Они бегом бросились назад к пленным. Было еще тихо, Ибо подвела Люба к охранницам, подтолкнула его копьем. Те безразлично посмотрели на них, одна спросила:
- Как там внизу?
- Все идет нормально, - ответила Ибо.

Когда открыли засов ворот, Люб, как барс, бросился на охранниц, те от неожиданности оторопели и не успели оказать сопротивления, к тому же Ибо действовала на его стороне. Люб быстро обезоружил охранниц, хотел их прикончить, но сдержал обещание, данное Ибо, напрасно див не убивать. Тех связали, не пролив крови.

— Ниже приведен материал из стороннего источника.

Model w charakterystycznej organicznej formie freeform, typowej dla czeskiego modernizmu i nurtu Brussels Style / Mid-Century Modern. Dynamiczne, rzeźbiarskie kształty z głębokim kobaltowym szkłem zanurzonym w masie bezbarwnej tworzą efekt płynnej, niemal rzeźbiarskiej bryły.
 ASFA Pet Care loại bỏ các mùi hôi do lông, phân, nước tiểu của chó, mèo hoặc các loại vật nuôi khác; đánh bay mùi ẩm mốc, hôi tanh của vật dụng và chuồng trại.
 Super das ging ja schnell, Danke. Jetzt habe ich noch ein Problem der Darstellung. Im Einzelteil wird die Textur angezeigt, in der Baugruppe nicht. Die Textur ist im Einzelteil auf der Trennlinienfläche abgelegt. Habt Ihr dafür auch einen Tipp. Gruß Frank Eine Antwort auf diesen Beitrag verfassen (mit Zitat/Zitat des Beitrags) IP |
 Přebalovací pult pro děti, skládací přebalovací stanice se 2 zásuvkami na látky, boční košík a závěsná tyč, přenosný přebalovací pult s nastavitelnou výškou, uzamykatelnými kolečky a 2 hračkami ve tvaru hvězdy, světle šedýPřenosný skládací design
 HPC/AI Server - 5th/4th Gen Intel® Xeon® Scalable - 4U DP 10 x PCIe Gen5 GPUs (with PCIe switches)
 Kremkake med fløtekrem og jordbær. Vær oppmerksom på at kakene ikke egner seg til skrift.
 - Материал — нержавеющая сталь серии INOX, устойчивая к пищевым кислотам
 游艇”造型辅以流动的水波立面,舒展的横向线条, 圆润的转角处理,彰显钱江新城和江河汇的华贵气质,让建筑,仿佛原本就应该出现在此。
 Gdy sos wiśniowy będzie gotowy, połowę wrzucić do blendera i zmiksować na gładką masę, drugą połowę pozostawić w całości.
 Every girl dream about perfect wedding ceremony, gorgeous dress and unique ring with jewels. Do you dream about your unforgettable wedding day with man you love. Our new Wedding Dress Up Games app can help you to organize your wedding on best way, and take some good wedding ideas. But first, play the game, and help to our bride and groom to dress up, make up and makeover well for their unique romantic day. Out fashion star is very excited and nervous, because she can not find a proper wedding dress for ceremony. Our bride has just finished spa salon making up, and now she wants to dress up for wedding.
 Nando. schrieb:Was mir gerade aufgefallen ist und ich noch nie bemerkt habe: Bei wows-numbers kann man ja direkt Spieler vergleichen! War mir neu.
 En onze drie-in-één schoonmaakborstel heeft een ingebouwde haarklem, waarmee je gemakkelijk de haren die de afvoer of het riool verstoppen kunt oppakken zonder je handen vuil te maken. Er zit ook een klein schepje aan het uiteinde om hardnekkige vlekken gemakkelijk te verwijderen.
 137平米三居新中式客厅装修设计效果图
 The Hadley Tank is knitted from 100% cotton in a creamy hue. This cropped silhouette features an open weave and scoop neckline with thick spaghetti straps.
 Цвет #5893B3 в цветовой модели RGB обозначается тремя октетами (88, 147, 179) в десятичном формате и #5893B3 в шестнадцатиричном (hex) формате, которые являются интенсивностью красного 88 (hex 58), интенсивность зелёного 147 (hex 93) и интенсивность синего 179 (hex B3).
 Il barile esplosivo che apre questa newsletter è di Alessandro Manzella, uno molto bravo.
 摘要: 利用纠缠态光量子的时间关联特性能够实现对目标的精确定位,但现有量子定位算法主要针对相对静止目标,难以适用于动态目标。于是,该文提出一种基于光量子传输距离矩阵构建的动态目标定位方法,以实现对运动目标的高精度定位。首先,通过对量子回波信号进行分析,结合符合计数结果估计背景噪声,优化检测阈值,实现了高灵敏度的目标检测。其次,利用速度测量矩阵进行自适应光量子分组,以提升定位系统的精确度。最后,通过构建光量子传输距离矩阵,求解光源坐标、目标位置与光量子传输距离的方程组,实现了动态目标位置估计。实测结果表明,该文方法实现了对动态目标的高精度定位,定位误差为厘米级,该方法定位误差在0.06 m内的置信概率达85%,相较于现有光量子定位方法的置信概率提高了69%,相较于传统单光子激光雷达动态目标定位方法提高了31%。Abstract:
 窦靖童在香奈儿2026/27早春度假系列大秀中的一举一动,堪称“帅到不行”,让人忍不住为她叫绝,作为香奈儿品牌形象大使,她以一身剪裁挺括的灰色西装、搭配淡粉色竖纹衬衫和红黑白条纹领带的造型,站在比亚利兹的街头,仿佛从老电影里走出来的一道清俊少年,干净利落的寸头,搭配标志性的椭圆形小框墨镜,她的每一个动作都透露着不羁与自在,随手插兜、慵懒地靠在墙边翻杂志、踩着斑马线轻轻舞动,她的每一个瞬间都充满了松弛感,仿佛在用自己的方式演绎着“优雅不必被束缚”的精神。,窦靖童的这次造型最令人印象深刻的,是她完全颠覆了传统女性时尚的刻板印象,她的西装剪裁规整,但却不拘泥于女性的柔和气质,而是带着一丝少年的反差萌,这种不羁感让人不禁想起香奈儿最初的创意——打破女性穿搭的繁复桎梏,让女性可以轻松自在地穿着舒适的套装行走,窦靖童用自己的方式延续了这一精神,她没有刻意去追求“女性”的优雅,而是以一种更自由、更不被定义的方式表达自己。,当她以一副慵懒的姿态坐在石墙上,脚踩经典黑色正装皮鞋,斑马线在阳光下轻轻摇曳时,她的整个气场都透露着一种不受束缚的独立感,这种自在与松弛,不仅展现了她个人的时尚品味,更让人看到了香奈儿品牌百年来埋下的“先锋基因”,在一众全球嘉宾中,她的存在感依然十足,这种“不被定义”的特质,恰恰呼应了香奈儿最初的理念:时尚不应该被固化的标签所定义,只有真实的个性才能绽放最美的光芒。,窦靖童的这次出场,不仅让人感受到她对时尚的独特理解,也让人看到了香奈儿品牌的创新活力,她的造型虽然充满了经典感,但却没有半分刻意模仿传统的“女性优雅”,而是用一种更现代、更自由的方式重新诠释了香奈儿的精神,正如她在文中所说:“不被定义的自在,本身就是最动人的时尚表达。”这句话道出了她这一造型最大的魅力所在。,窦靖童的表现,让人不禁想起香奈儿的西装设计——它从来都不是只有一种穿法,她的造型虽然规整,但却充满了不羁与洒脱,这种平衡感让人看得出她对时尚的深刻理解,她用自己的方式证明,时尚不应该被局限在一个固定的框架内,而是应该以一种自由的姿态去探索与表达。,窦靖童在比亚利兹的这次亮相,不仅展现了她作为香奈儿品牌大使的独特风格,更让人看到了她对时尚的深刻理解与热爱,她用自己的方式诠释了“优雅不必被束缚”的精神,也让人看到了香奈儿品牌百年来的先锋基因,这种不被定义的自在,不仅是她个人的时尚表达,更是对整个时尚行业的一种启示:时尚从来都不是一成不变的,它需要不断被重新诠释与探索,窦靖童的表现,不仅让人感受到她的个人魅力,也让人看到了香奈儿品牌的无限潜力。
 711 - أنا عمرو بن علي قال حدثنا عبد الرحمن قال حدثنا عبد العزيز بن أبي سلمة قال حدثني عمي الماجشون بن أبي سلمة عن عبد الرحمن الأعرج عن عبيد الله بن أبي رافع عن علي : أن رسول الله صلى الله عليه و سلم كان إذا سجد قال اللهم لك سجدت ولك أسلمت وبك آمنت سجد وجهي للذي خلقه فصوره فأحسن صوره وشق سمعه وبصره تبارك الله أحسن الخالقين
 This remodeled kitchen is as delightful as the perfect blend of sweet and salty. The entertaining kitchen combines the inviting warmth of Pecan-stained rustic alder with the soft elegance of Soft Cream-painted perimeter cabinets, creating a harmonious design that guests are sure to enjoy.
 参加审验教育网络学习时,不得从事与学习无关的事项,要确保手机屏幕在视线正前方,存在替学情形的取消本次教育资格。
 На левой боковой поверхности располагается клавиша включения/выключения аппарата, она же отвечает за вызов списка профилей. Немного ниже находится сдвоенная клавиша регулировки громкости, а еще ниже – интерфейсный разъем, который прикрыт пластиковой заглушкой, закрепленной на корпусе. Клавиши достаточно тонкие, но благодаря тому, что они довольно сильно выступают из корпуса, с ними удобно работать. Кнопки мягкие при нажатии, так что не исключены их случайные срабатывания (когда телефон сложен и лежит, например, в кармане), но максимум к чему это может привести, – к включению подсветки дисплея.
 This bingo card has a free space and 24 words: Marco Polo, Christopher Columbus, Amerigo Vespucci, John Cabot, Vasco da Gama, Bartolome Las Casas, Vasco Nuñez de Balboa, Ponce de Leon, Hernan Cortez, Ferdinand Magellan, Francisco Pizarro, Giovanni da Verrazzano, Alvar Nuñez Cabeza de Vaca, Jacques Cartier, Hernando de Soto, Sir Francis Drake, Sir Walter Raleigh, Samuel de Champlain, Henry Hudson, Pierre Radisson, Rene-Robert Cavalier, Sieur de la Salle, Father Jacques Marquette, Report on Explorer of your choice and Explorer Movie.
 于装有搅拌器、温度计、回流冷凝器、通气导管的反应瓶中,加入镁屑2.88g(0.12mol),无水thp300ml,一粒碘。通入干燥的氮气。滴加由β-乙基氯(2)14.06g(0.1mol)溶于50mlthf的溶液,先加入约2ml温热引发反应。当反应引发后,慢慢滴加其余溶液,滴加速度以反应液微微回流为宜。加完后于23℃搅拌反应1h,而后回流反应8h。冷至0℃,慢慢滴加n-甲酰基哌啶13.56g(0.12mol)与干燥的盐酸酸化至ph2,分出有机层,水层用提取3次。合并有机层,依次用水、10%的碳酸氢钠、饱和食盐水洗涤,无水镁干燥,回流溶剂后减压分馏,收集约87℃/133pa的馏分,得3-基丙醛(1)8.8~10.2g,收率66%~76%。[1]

Теперь одна мысль владела Любом и Ибо - успеть до гай-гуя ударить с тыла. Люб объяснил воинам, что им делать, те поняли сразу: этого момента они ждали двадцать лет. Люб быстро разделил всех на два отряда, один побежал к пещере, где хранились мечи, копья и стрелы. Охраны там не было, вырвали дверь, разобрали оружие: кому какое досталось. Не брали лишь пращи, так как не умели ими пользоваться. Люди из второго отряда во главе с Любом и Ибо подкрались к пещере, в которой две дивы охраняли рабов, умело и быстро скрутили охрану, отобрали оружие. Рабов Люб предупредил под угрозой смерти:
- Связанных пленниц не трогать, время не терпит, все решают минуты. Жизнь или смерть.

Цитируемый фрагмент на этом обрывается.